A two-layer concept detection system is employed. The first layer
builds multiple independent concept detectors. Each image represented using one or
more types of appropriate local descriptors (e.g. SIFT, RGB-SIFT, SURF, ORB etc.).
All the local descriptors are compacted using PCA and are subsequently aggregated
using the VLAD encoding. These VLAD vectors are compressed by applying a
modification of the random projection matrix and served as input to Logistic
Regression (LR) classifiers. The output of the classifiers is combined by means of late
fusion. When different descriptors are combined, again late fusion is performed by
averaging of the classifier output scores. In the second layer of the stacking
architecture, the fused scores from the first layer are aggregated in model vectors and
refined by applying multi-label learning algorithm and temporal re-ranking.
Version 9.0-12.0.
This module provides high level concept (e.g. animal, landscape, outdoor, etc.) selection for the user.
After an off line preprocessing the images are sorted based on similarity co-efficients for each concept.
The procedure required for the extraction of high level concept information is based on a combination
of MPEG-7 and SIFT based global image features.

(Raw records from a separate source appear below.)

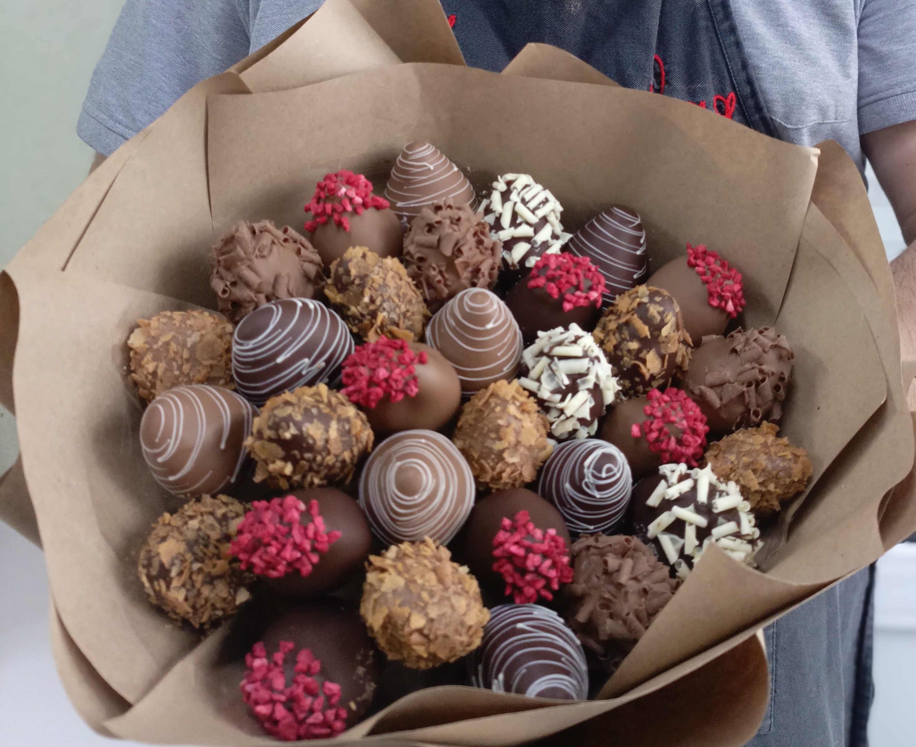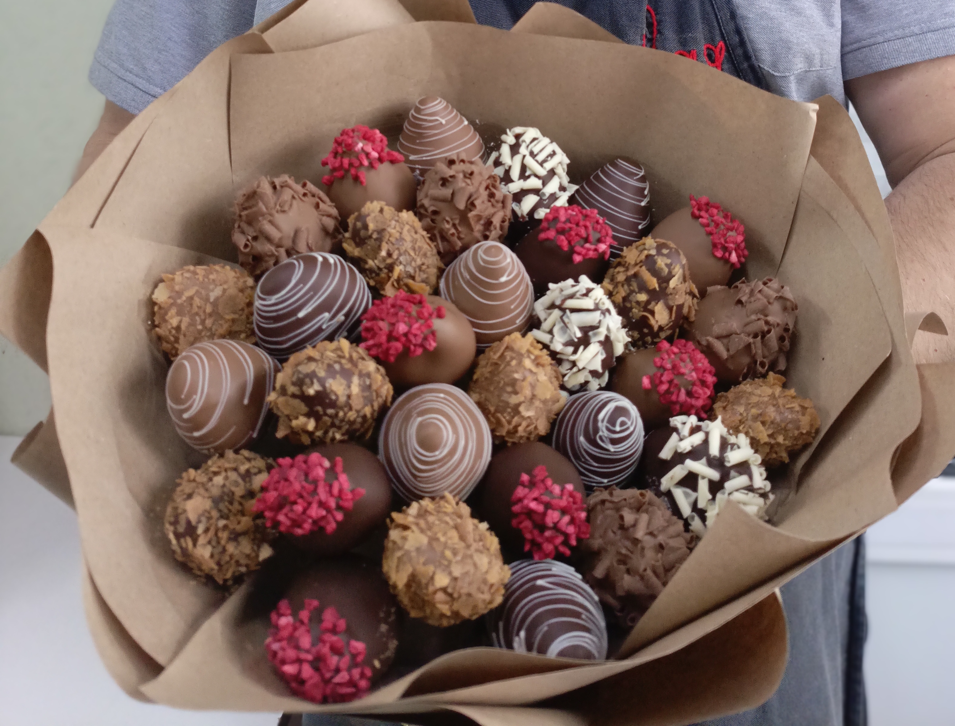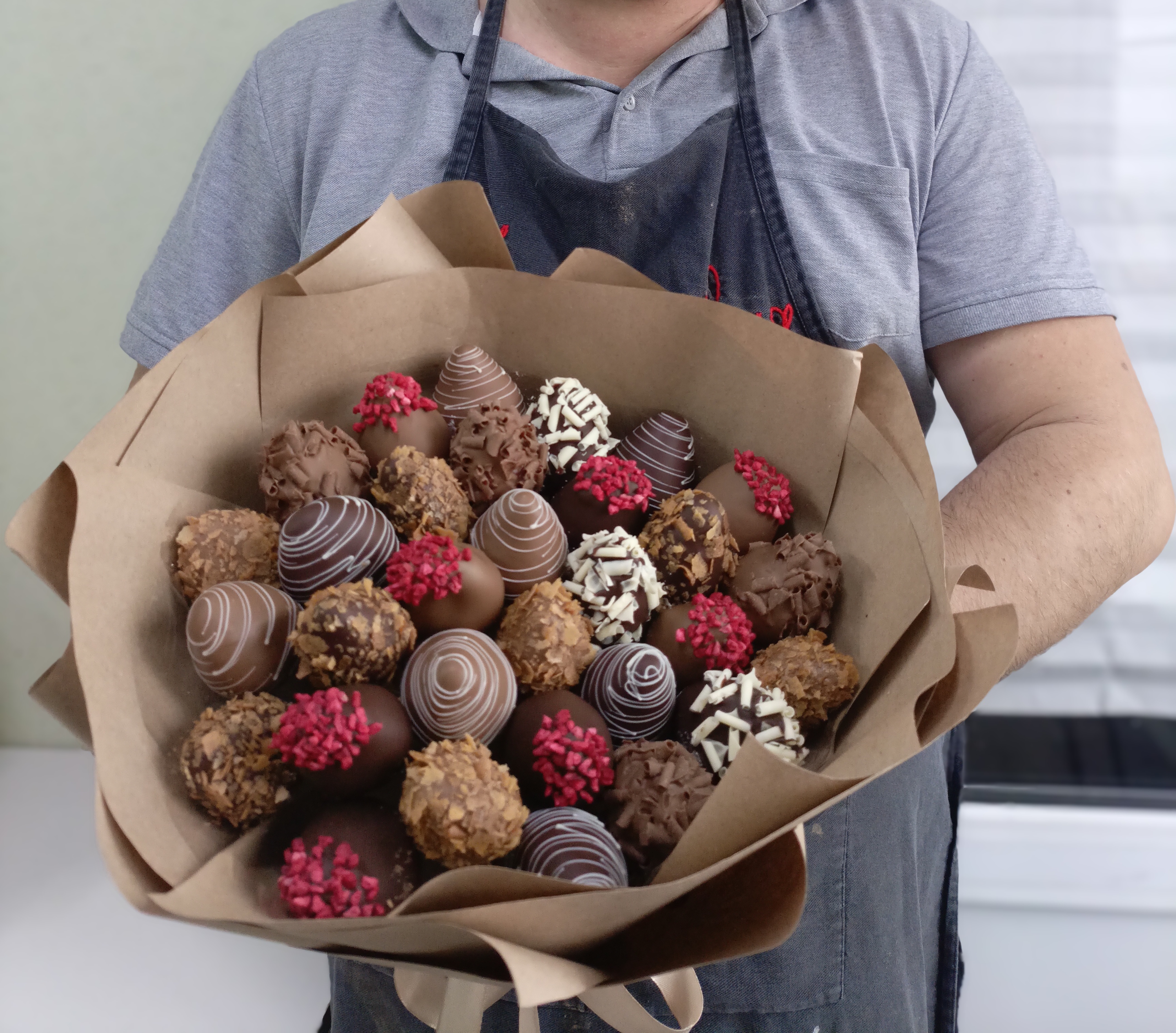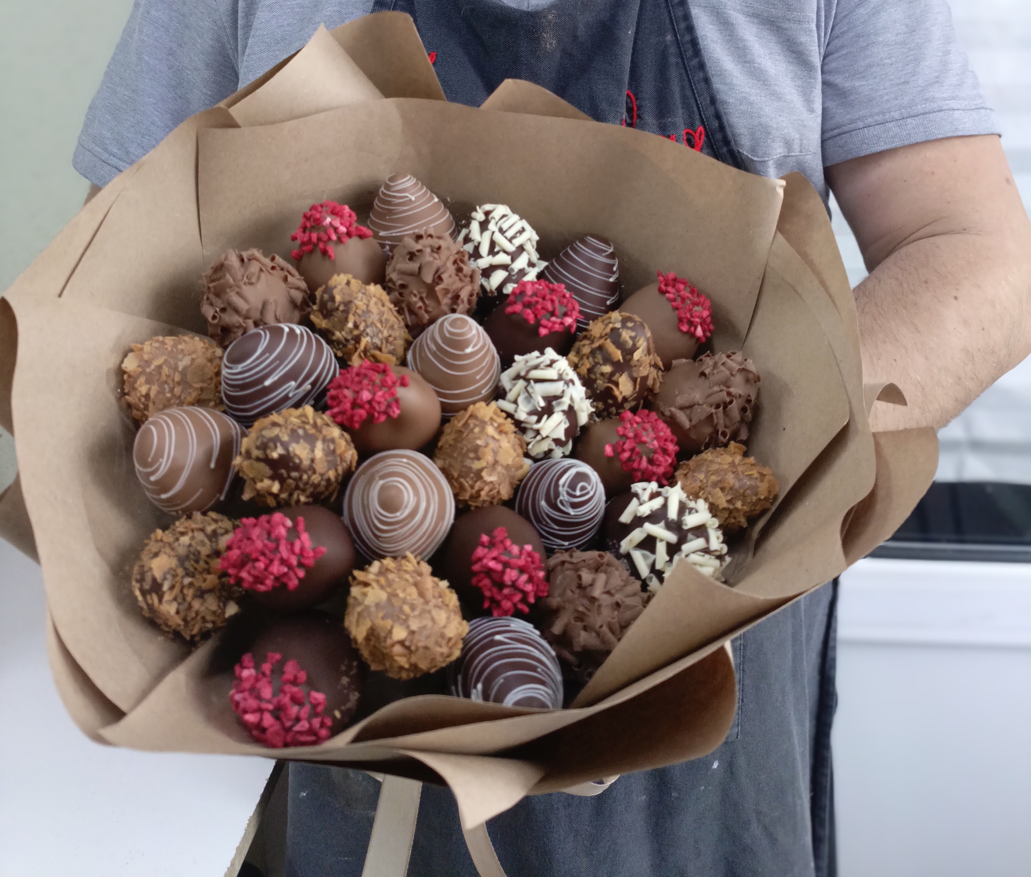 В букете 32-35 клубник, молочный и темный бельгийский шоколад, малина сублимированная, вафельная крошка, шоколадная стружка.
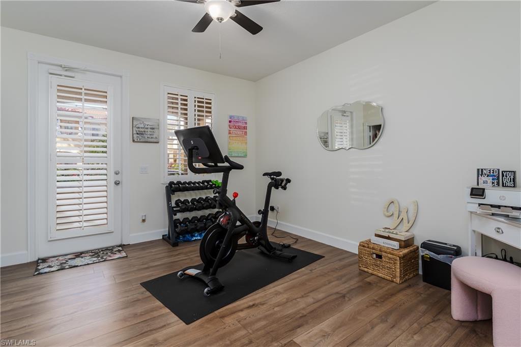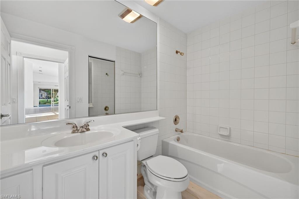 This impressive 3-bedroom plus den pool home is located in the prestigious gated community of San Remo at Palmira in Bonita Springs. A builder-extended Oakmont model, the home features an open Florida floor plan with a desirable split-bedroom layout, offering both space and privacy. Constructed with solid-poured concrete—a signature of DiVosta Homes—it includes a unique his-and-her primary bathroom setup with a Roman tub, separate shower, and dual walk-in closets. Enjoy peaceful southern exposure and tranquil lakefront views from the private screened lanai, which also features a gazebo and privacy hedge, perfect for outdoor relaxation or entertaining. Recent upgrades include a new A/C system, new appliances, fresh interior and exterior paint, and stylish new vinyl flooring throughout. The home is fully equipped with storm protection on all windows and doors, a whole-house generator, and does not require flood insurance. Located in a well-maintained, amenity-rich community with low HOA fees and no CDD, San Remo offers residents access to a resort-style pool, tennis and pickleball courts, and a welcoming community center. Meticulously maintained and move-in ready, this home delivers the best of secure, stylish, and relaxed Florida living.
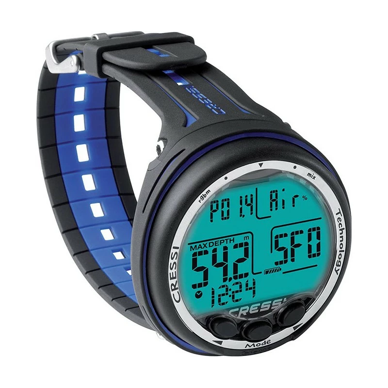 Algorithme double mélange gazeux CRESSI RGBM. Ce nouvel algorithme, créé en collaboration entre Cressi & Bruce Wienke, est basé sur le modèle Haldane, intégrant les facteurs RGBM pour des calculs sûrs de décompression dans les cas de plongées répétitives sur plusieurs jours & avec des mélanges gazeux.
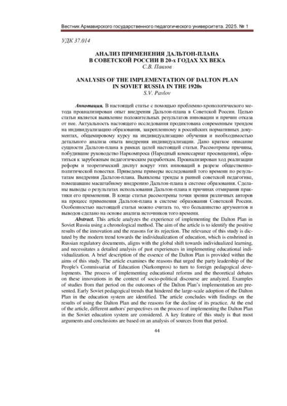 17. Грумова, Н. А. История реализации Дальтон-плана в образовании России и бывшего СССР / Н. А. Грумова, К. Е. Ситников. - Текст: непосредственный // История, политология, социология, философия: теоретические и практические аспекты. - 2020. - № 8 (26). - С. 4-10. EDN: KZHXGC

A set of SVM classifiers is used to create classification models for the MPEG-7 and BoW features, using
the first half of the development set for the training procedure. The output of the classification is the
Degree of Confidence (DoC), by which the query may be classified in a particular concept. After the classification
process for both MPEG-7 and BoW features is completed, the respective DoCs are used as input to a second SVM.
This stage-2 classification uses for training the second half of the development set and self-optimized parameters
to create a classification model. The results from this 2-stage SVM on the testing set are sorted by
DoC, and the 2000 higher in the rank are indexed in the database to support the concept retrieval.
Clustering Module
This module clusters images into color classes using Self Organizing Maps, for image
visualization and offers fast browsing. Shot representation is realized using the mean
reciprocal distance to the most red, green and blue shots. Eventually, the image
collection is represented as a color-map, using the most representative image per color
class.
Object-based Visual Module
This module is based on the Bag-Of-Words (BoW) model. Fast Hessian detector and
SIFT descriptors are extracted from images and then, the detected features are
randomly sampled and afterwards clustered using Repeated Bisecting K-Means and a
2-layer visual vocabulary is constructed. An inverted index is built using the Apache
Lucene software for fast online search of the image database BoW vectors. The
similarity score is obtained based on Lucene’s scoring function and the ranking
position of the frame in the retrieved list.